In addition to the HCMSQ, several other PRO instruments were administered in the EXPLORER-HCM study, including the Kansas City Cardiomyopathy Questionnaire-23 (KCCQ-23) [17, 18, 21], the EuroQol visual analogue scale (EQ VAS) [22], the PGIS, and the Patient Global Impression of Change (PGIC). The KCCQ-23 asks respondents to describe the frequency and severity of symptoms, physical and social limitations, and how they perceive that their heart failure symptoms impact their quality of life. It includes 23 items, has a recall period of 2 weeks, and produces individual scores for each of the seven domains (symptom burden, symptom frequency, physical limitation, quality of life, social limitation, self-efficacy, and symptom stability). In addition, it generates a total symptom score, which combines symptom burden and symptom frequency scales, and two summary scores—the clinical summary score is the sum of the total symptom score and physical limitation scales; the overall summary score is the sum of the total symptom score, clinical summary score, social limitation, and quality of life scales [21]. All scores are transformed into a score ranging from 0 to 100, with higher scores reflecting better health status. The EQ VAS records respondents’ self-rated health on a vertical, graduated (0–100) VAS, whereby 0 represents worst health imaginable and 100 represents the best health imaginable. Higher scores indicate better quality of life [22]. The PGIS is a single-item questionnaire that asks respondents to rate their overall symptom severity in the past week on a 5-point rating scale (from 1 [no symptoms] to 5 [very severe]). Higher scores indicate greater severity (see also Supplementary Methods in the ESM). The PGIC is a single-item questionnaire that asks respondents to rate their overall change in symptom severity compared with their status at randomization over time on a 7-point rating scale (from 1 [very much improved] to 7 [very much worse]). Higher scores indicate a change for the worse (see also Supplementary Methods in the ESM).

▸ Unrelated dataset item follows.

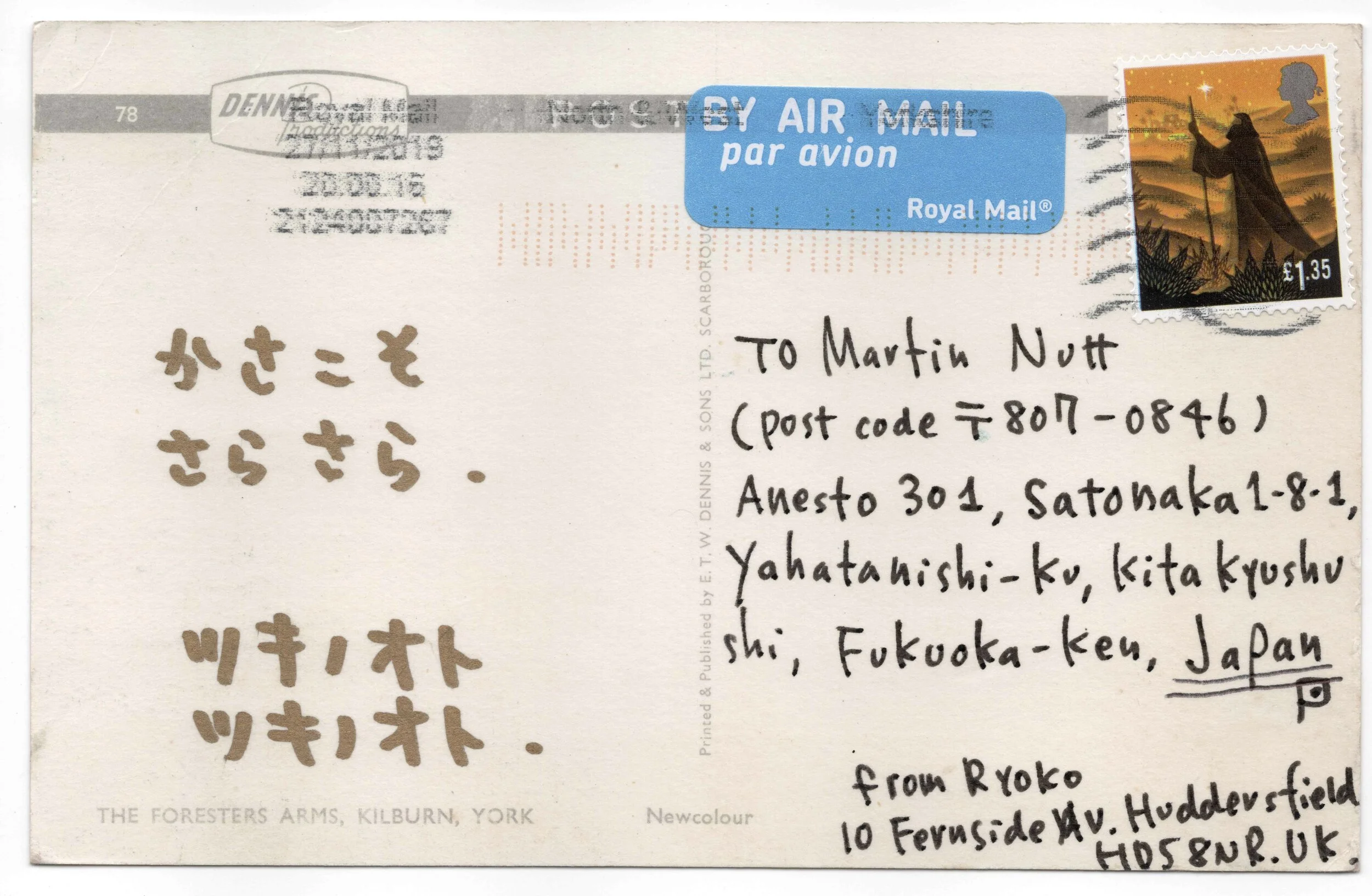 twelve seasons’ is a composition by Martin Nutt and Ryoko Akama created through 12 months’ of postal exchange between Fukuoka, Japan, and Huddersfield, UK. The piece comprises 24 postcards embodying seasonal aural experiences. Below is a documentation of how Ryoko and I have realised these elegant and equivocal objects into audio and visual pieces. Instead of viewing the postcards as ‘scores’ in the traditional sense—in that they direct specific musical actions—we have used them as fragmentary, transitory connections between creative ideas, such that our work reflects their conception.

The PGIS was administered electronically at screening, and both the PGIS and the PGIC were administered electronically at the week 6, 10, 14, 18, 22, 26, 30, and 38 study visits. The other PROs (KCCQ-23 and EQ VAS) were administered electronically at the baseline, week 6, 12, 18, 30, and 38 study visits on the same devices. The scoring for the KCCQ-23 instrument and the EQ VAS was carried out according to the procedures described by their respective scoring manuals; patients with missing forms at a visit were excluded from the analysis at that time point.

2.3 HCMSQ Psychometric Analyses

Longitudinal psychometric analyses of the HCMSQ and derivation of a responder definition specific to the HCM population were conducted in line with FDA guidance [13]. This psychometric analysis outlines the longitudinal measurement properties focusing on change from baseline, using baseline and week 30 data from the EXPLORER-HCM trial; supplemental analyses also included data from weeks 6 and 18. The following scores were evaluated per the scoring algorithm (see also Supplementary Tables S1 and S2 in the ESM): shortness of breath (items 1–3 and 6), tiredness (item 7), cardiovascular symptoms (items 8–10), and total score. Item 11 (syncope) is not included in the total score. The decision to exclude syncope from the total score was due to its low occurrence in the patient population; from a psychometric evaluation perspective there was not enough variation in this item response to be included in the total score. However, because it provides relevant information about patient experiences with HCM, it remains part of the scale. Following results from Rasch modeling, items 4 and 5 are not included in the scoring of any domain or total scores, and will be removed in future administrations of the HCMSQ [16].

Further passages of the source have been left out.